Then we will split our data randomly into a train and validation set and create our dataloaders that will feed data into our training process later. The exact details aren't too important here but if you're interested feel free to inspect these methods in the Helper methods cell near the top of this notebook.

In [None]:
train_df, val_df = get_train_val_split(df)
train_ds, val_ds = prepare_dataloaders(train_df, val_df, config.BATCH_SIZE, config.NUM_EPOCHS)
total_steps = train_ds.cardinality().numpy()

We are now ready to finally start implementing our Collaborative Filtering model.

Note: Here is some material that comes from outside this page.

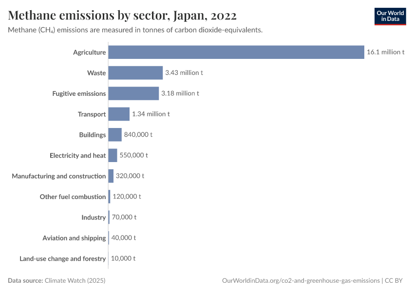 Methane: how much does the average person in Japan emit? Where do emissions come from?
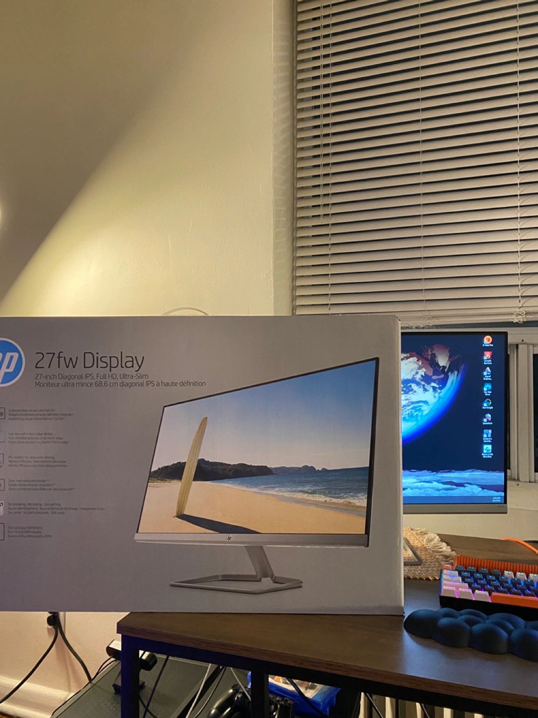 HP 27-inch Diagonal IPS, 75Hz 5ms, Full HD, AMD FreeSync, Ultra-Slim Monitor. 1080p resolution. There are no dead pixels, it comes with its own box and all the cables. As you can see in the third picture, the power cable entrance has a sensitivity issue. I fixed this issue by using a rubber band. You can check the monitor when you pick it up. Open to offers!🖥️

### **2.3 Building our Model**

#### **2.3.1 Dot Product Model**

Let's start defining the architecture for this model in it's simplest formulation. Implement the below steps in the code cell below.
1. Define $m$ and $n$ which correspond to the number of users and items respectively.
2. Define $d$ corresponding to the dimension of the below embedding matrices.
3. Create and specify the shape of our embedding matrices. Recall $U ∈ \mathbb{R}^{m × d}$ and $V ∈ \mathbb{R}^{n × d}$ for the user and item embeddings respectively. Hint: [`nn.Embed`](https://flax.readthedocs.io/en/latest/api_reference/flax.linen/_autosummary/flax.linen.Embed.html)
4. Take the dot product of the user and item embeddings respectively. Hint: [`jnp.multiply`](https://jax.readthedocs.io/en/latest/_autosummary/jax.numpy.multiply.html) and [`jnp.sum`](https://jax.readthedocs.io/en/latest/_autosummary/jax.numpy.sum.html) may be useful here.

In [None]:
class CFDotProduct(nn.Module):
  # Step 1 and 2
  # define the number of users (corresponds to m)
  # define the number of items (corresponds to n)
  # define the embedding dimension here (corresponds to d)

  @nn.compact
  def __call__(self, x):
    # Step 3 Specify the shape of the embedding matrices
    users = nn.Embed(num_embeddings=? features=?, name='user_embs')(x['user_id'])
    items = nn.Embed(num_embeddings=? features=?, name='item_embs')(x['item_id'])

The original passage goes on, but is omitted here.